The OPS specification indicates that valid ePubs may contain content in either XHTML or DTBook.

Bookworm supports DTBook-formatted ePubs by automatically converting their content to XHTML. This is done using XSLT derived from the DAISY pipeline.

You can always get back to the original DTBook content by downloading the ePub from any book page.

Fonts

Bookworm will support any font declarations made using CSS 1 or CSS 2. In theory it could support embedded fonts as defined by CSS 3 if the browser does, but this has not been tested (samples welcome!).

How Bookworm treats invalid ePub

One of the design goals of Bookworm is that it should render ePub documents which do not completely follow the specification. However, there are many cases in which it will not be able to correctly parse all the parts of the file and will reject it.

Any ePub book which is found to be seriously malformed will be automatically handed off to the threepress.org epubcheck service. The results from epubcheck are reported to the user who is uploading the book. It is hoped that the messages from Bookworm and epubcheck will clearly identify the problem with the ePub file.

Limitations

Obviously, Bookworm is limited by the features available in the user's browser. It is recommended to be used with recent versions of Firefox, Safari or Chrome, however Internet Explorer 6 and 7 are also supported.
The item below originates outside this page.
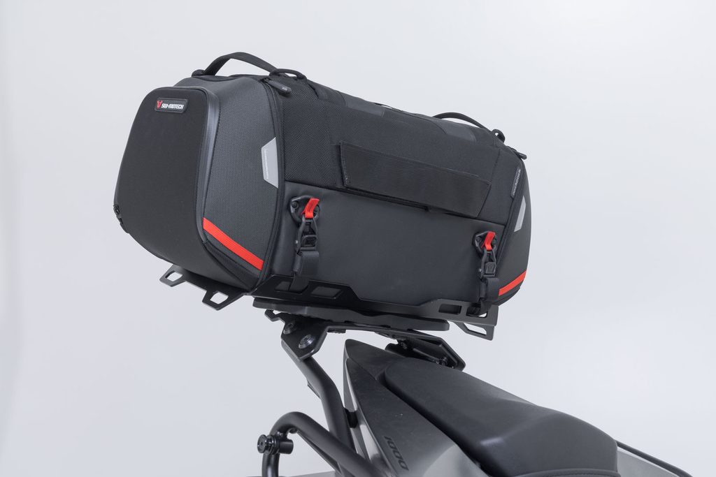 Tail bag ze série PRO je vyroben společností SW-MOTECH z nezničitelného 1680 D Ballistic Nylonu a nosič z robustní hliníkové slitiny. Nosič je připevněn k pružným montážním bodům na motocyklu specifickým pro jízdní kolo.

Some extremely long-form ebooks, such as single 'page' comics or unbroken novel-length texts, are not appropriate for web-based reading. Document authors are advised to break up long texts into individual XHTML files if at all appropriate. This is especially important when creating ePub documents for mobile devices, which often have problems with large file sizes. (The Sony Reader cannot read XHTML files larger than 300Kb in size, for example.)

Other open-source ePub

There are other open-source readers available that support the ePub format. The most actively developed is FBReader, which is compatible with Windows desktop, Linux (and devices which run it, such as Zaurus and Nokia tablets) and, unofficially, iLiad. A complete list of open-source ePub tools can be found in the O'Reilly Labs ePub Resources and Guides article.